The organization also reports that an additional 1.5 million deaths could be avoided if global immunization coverage improves. The biggest rumor about vaccinations is that the flu vaccine can give you the flu. According to the CDC, the influenza vaccine can not cause the flu. The injectable vaccine is made either from inactivated flu viruses or from a single gene from the virus to trigger an immune response without causing an infection, the CDC said.

An estimated 19.9 million children under the age 1 did not receive the DTP3 flu vaccine, according to the WHO.

The largest argument in the anti-vaccination community sparked widespread fear that vaccines increase the risk of autism. Originating in a 1997 study published by British surgeon Andrew Wakefield in the medical journal The Lancet, claimed the measles, mumps and rubella (MMR) vaccine was increasing autism in British children.

Wakefield’s claim has since been completely discredited due to procedural errors, undisclosed financial conflicts of interest and ethical violations.

Wakefield lost his medical license, and the paper was retracted from The Lancet.

However, his hypothesis was taken seriously, and several other major studies were conducted.

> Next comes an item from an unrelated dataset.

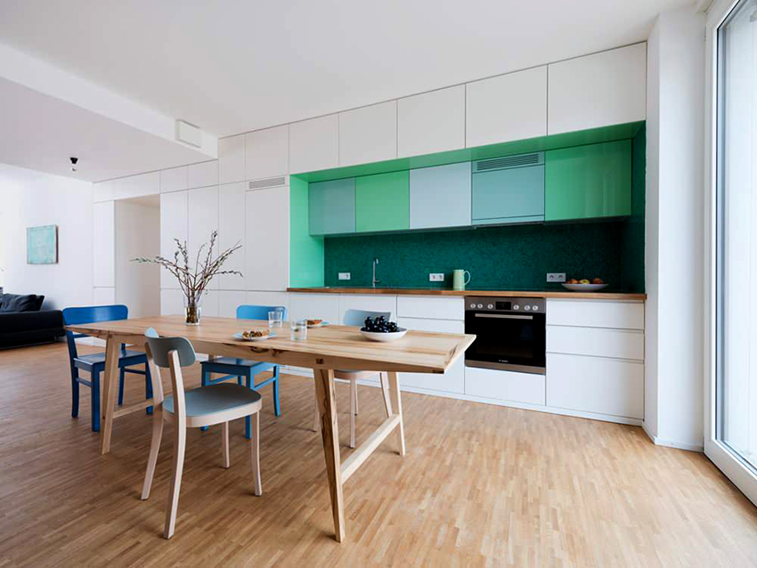 Secara umum, dapat diperhatikan bahawa tidak ada peraturan yang jelas yang menentukan skema warna dapur, kerana setiap orang mempunyai ideanya sendiri mengenai warna kegemarannya. Tetapi, jika anda memilih warna tertentu, anda perlu membiasakan khasiatnya dan memutuskan sama ada sesuai untuk menggunakannya. Sebagai contoh, ahli psikologi telah lama membuktikan bahawa penggunaan bunga sejuk membantu mengurangkan selera makan, memberi kesan santai pada sistem saraf. Warna sejuk yang paling biasa termasuk: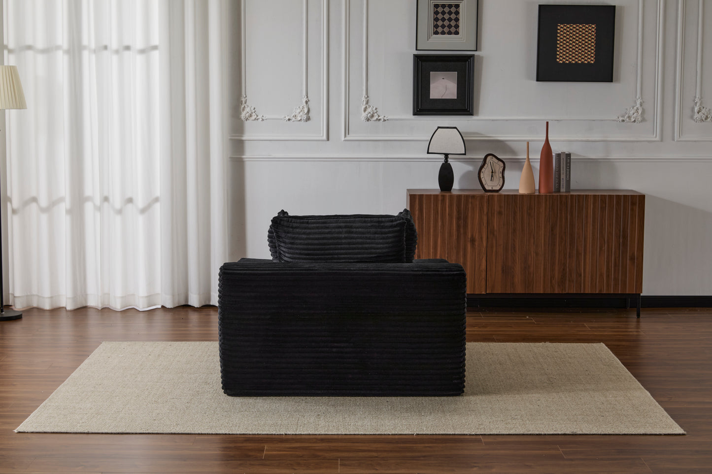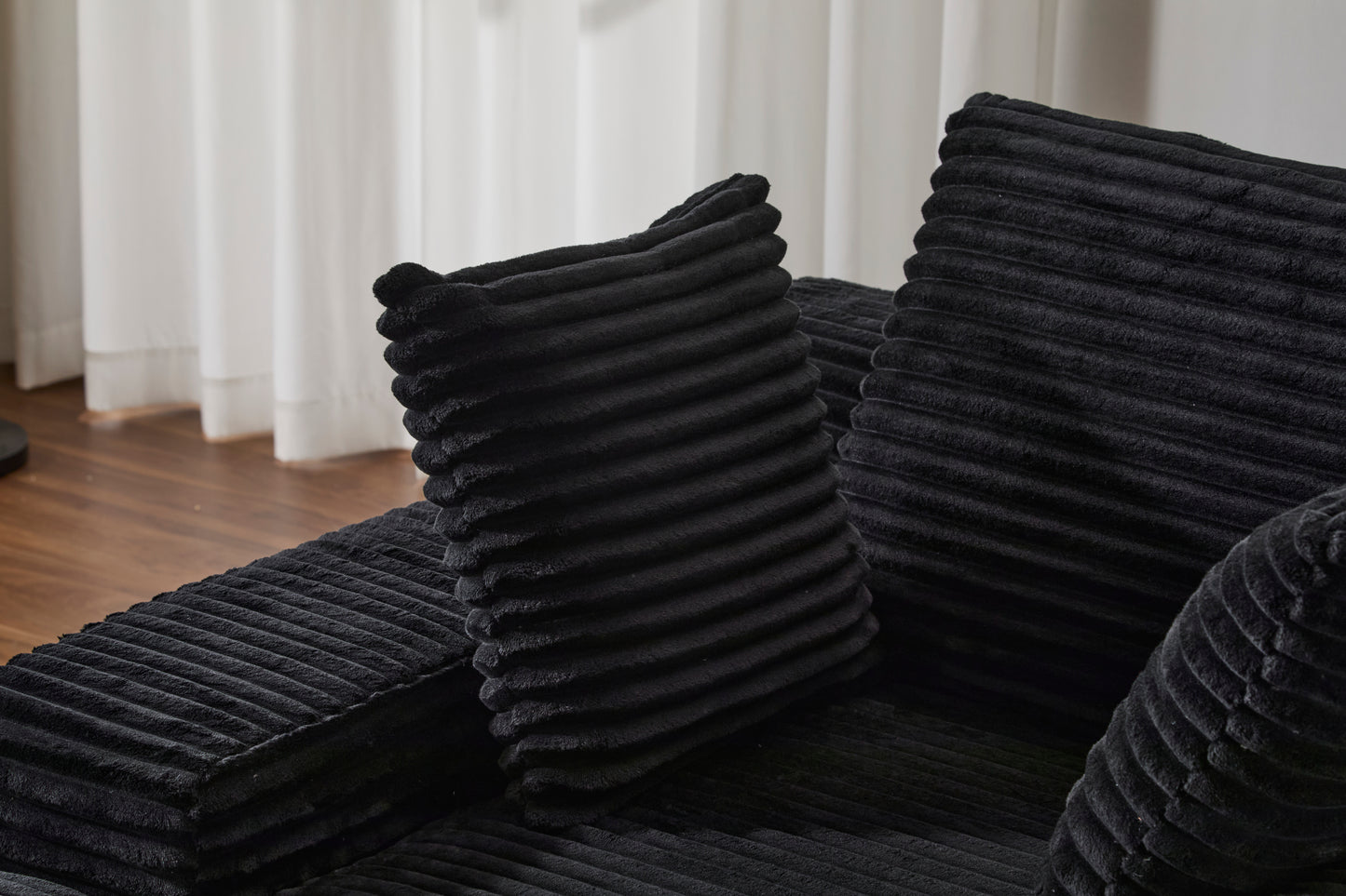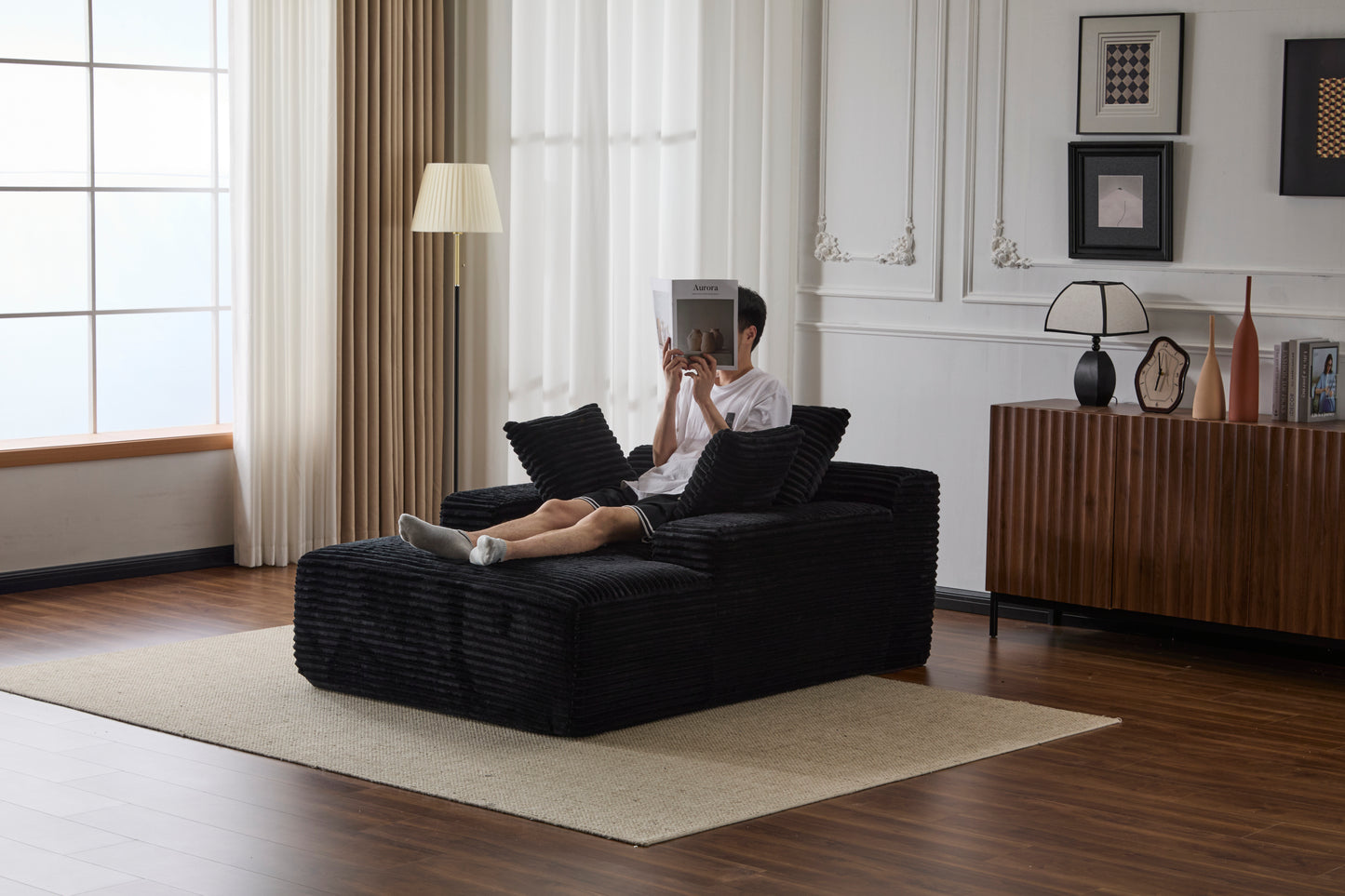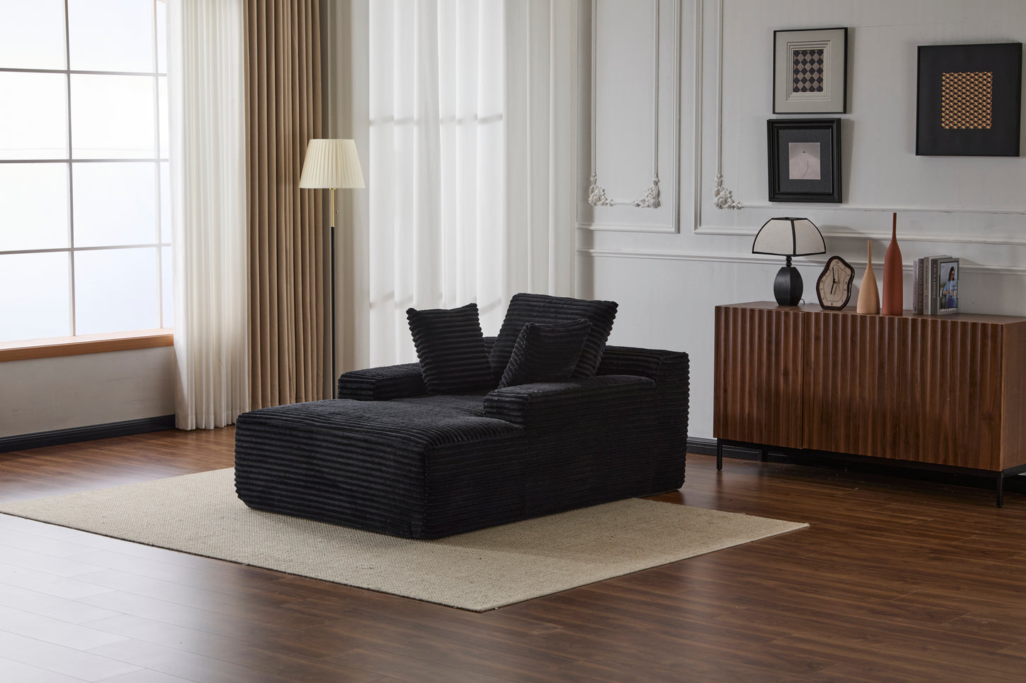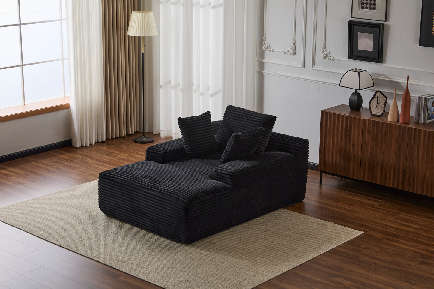 Oversized Chaise Lounge Chair Cozy Cloud Couch, Modern Plush Corduroy Upholstered Sleeper Sofa Daybed with 3 Throw Pillows and Wide Armrest for Living Room, No Assembly Required,Black

None found a link between any vaccine and the likelihood of developing autism.

Today, the true causes of autism remain a mystery, but to the discredit of the autism-vaccination link theory, several studies have now identified symptoms of autism in children well before they receive the MMR vaccine. And, according to the CDC, recent research provides evidence that autism develops in utero, well before a baby is born or receives vaccinations.

Vaccinations are safe and one of the biggest advancements in health thus far that should not be undermined by false research and ignorant claims.